Yizkor means “remembrance”. Yizkor are celebrated on major holidays. The afternoon before the holiday, a candle is relit, in remembrance, and kept burning for 24 hours. At the morning services, those who have never been mourners are asked to leave the service for a few moments, so that those who have sat Shiva may pray together.

Yartzeit

Yartzeit marks the time of one year from the death. Every year, the mourner lights a candle and stands in synagogue to say the Mourner’s Kaddish. On this day, some may donate money in remembrance, others may study a book of Torah, or visit the graveside, or look at old photographs, or recite Psalms, or raise a glass of whiskey in honor of their dead.

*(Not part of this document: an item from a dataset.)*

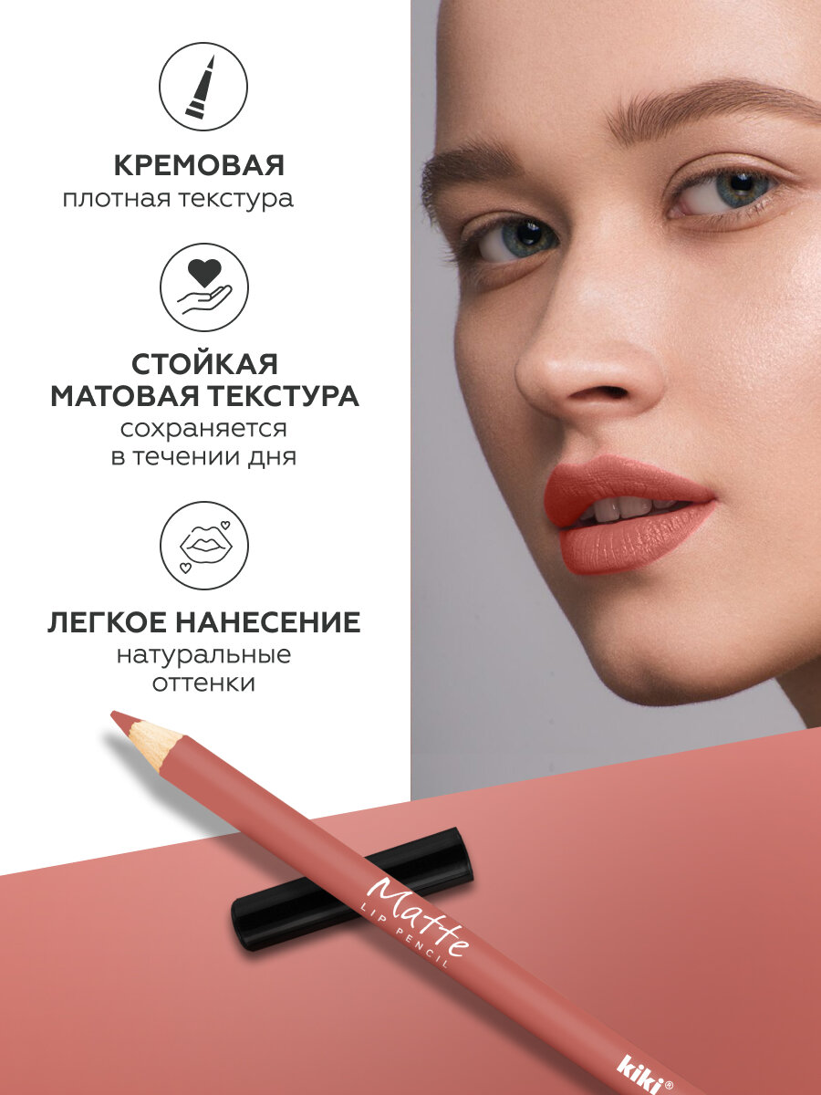 Купить Карандаш для губ kiki MATTE тон 21 сливочный, водостойкий, матовый, насыщенный цвет, косметический карандаш для губ

Ms Winner sums up this chapter by saying,

This calendar of bereavement recognizes the slow way that mourning works. The llong time it takes a grave to cool, slower and longer than our zip-zoom internet and fast food society can accomodate. Long after your friends and acquaintances have stopped paying attention, after they have forgotten to ask how you are, and pray for you and hold your hand, you are still in a place of ebbing sadness. Mourning plateaus gradually and the diminishing of intensity is both recognized and nurtured by the different spaces that the Jewish mourning rituals create. The harrowing shock of aninut. The pain of shiva. The stepping into life and the world of sheloshim

The Mourner’s Kaddish

Glorified and sanctified be God’s great name throughout the world which He has created according to His will. May He establish His kingdom in your lifetime and during your days, and within the life of the entire House of Israel, speedily and soon; and say, Amen.

May His great name be blessed forever and to all eternity.

Blessed and praised, glorified and exalted, extolled and honored, adored and lauded be the name of the Holy One, blessed be He, beyond all the blessings and hymns, praises and consolations that are ever spoken in the world; and say, Amen.

May there be abundant peace from heaven, and life, for us
and for all Israel; and say, Amen.

He who creates peace in His celestial heights, may He create peace for us and for all Israel; and say, Amen.